Sunday, October 17, 2010

The Price to Hang a Dictator

Does Iraq even matter anymore?  We Westerners have a blazingly short attention span when it comes to kicking over other countries.   Canadians were focused on Iraq for a while when Jean Chretien declined Bush's invitation to join the party (for which that moron, Stephen Harper roundly condemned not just Chretien but Canada itself).   Then there was the conquest and the looting.  Abu Ghraib sent us into a state of high dudgeon, although we were just a tad sanctimonious about it.   Then there was the online execution of Saddam Hussein and, with that, we began to turn the page.   At the 11th hour, Bush threw in his star quarterback, David Petraeus, for the Hail Mary play, the Surge, that supposedly clinched the game in the dying seconds.

Now it's becoming apparent the Surge was mainly smoke and mirrors.  As discussed here yesterday, "In Baghdad It's 2007 Again," the targeted assassination of Iraqi police and security officials has resumed in Baghdad.  Moqtada al Sadr is back from Iran.  Al Qaeda is resurgent.  The Kurds are becoming insistent on gaining autonomy over Kirkuk and its massive oilfields.   And the cornerstone of the Surge, the Sunni resistance is changing sides once again.   The Sunni problem is discussed in today's New York Times:

Although there are no firm figures, security and political officials say hundreds of the well-disciplined fighters — many of whom have gained extensive knowledge about the American military — appear to have rejoined Al Qaeda in Mesopotamia.  Beyond that, officials say that even many of the Awakening fighters still on the Iraqi government payroll, possibly thousands of them, covertly aid the insurgency. 
 
The Awakening members’ switch in loyalties poses a new threat to Iraq’s tenuous social and political balance during the country’s ongoing political crisis and as the United States military prepares to withdraw next year.


“The Awakening doesn’t know what the future holds because it is not clear what the government intends for them,” said Nathum al-Jubouri, a former Awakening Council leader in Salahuddin Province who recently quit the organization.


“At this point, Awakening members have two options: Stay with the government, which would be a threat to their lives, or help Al Qaeda by being a double agent,” he said. “The Awakening is like a database for Al Qaeda that can be used to target places that had been out of reach before.”
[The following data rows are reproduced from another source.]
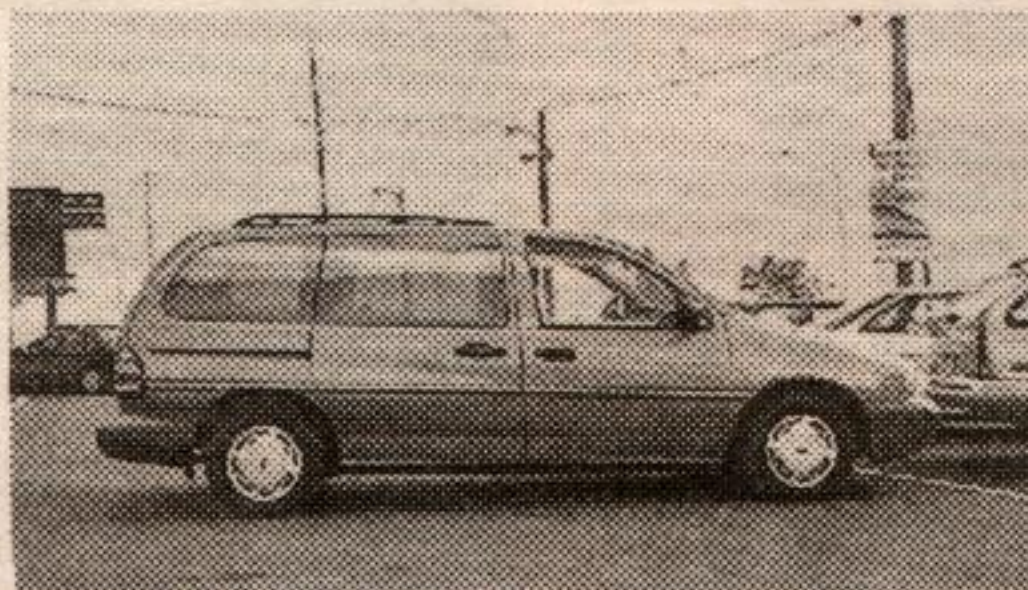
1995 Ford Windstar GL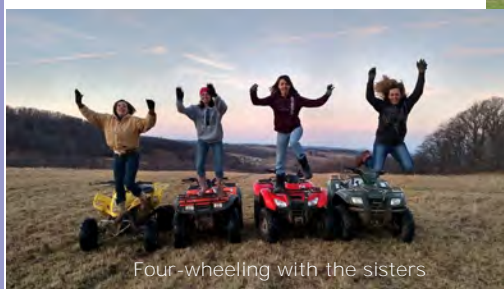
Four-wheeling with the sisters

In Proverbs 27:17 it says, "Iron sharpeneth iron; so a man sharpeneth the countenance of his friend."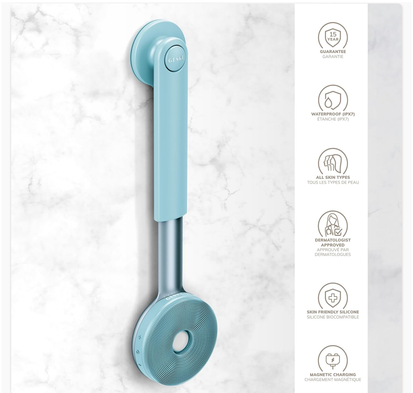
Image: GESKE device highlighting the 15-year guarantee and other features.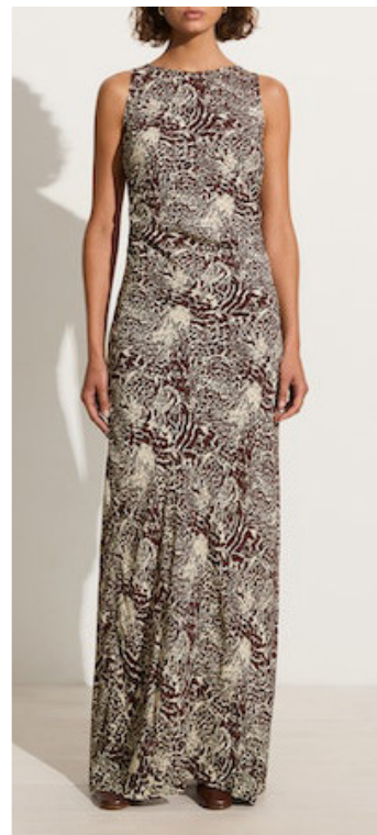
Clementine Midi Dress in Salamanca $209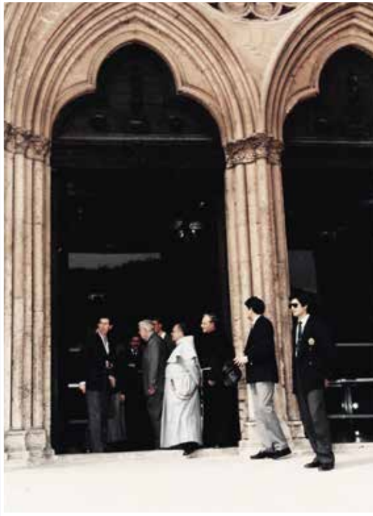
Prince Charles welcomed at entrance to Lower Basilica in Assisi

The Prince admired St Francis, noting that he still speaks to our contemporaries in the various aspects of his life. He admired the pre-Renaissance art and religious life.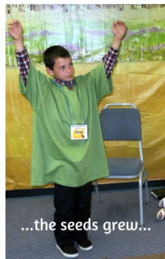
...the seeds grew...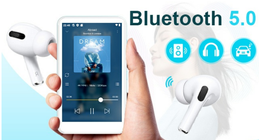
Image: Bluetooth 5.0 connectivity options for the SWOFY D08.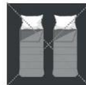
OPTIONAL GROUND TENT WHERE AVAILABLE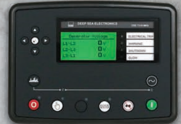
1 | DSEgenset® Digital Control Panel Model 7310 MKII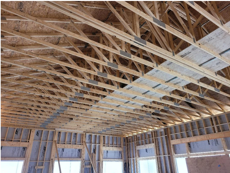
6. Catwalk along length of Multipurpose Room

Think of all the lives taken, by some accounts over a hundred thousand civilians, the million plus Iraqis displaced, America's thousands of casualties and the trillion dollars plus of borrowed money Washington squandered on this Iraq venture.   Was hanging one despot really worth all those lives, all that treasure?  Madness.

1 comment:

  1. It is sickening. They destroyed everything so that they can rebuild in such a way to line the pockets of US and other allied contractors.

    Those who called for regime change made out like thieves. Meanwhile all those killed and maimed on both sides of this illegal invasion remain no better, if not horribly worse, than when this whole debacle started.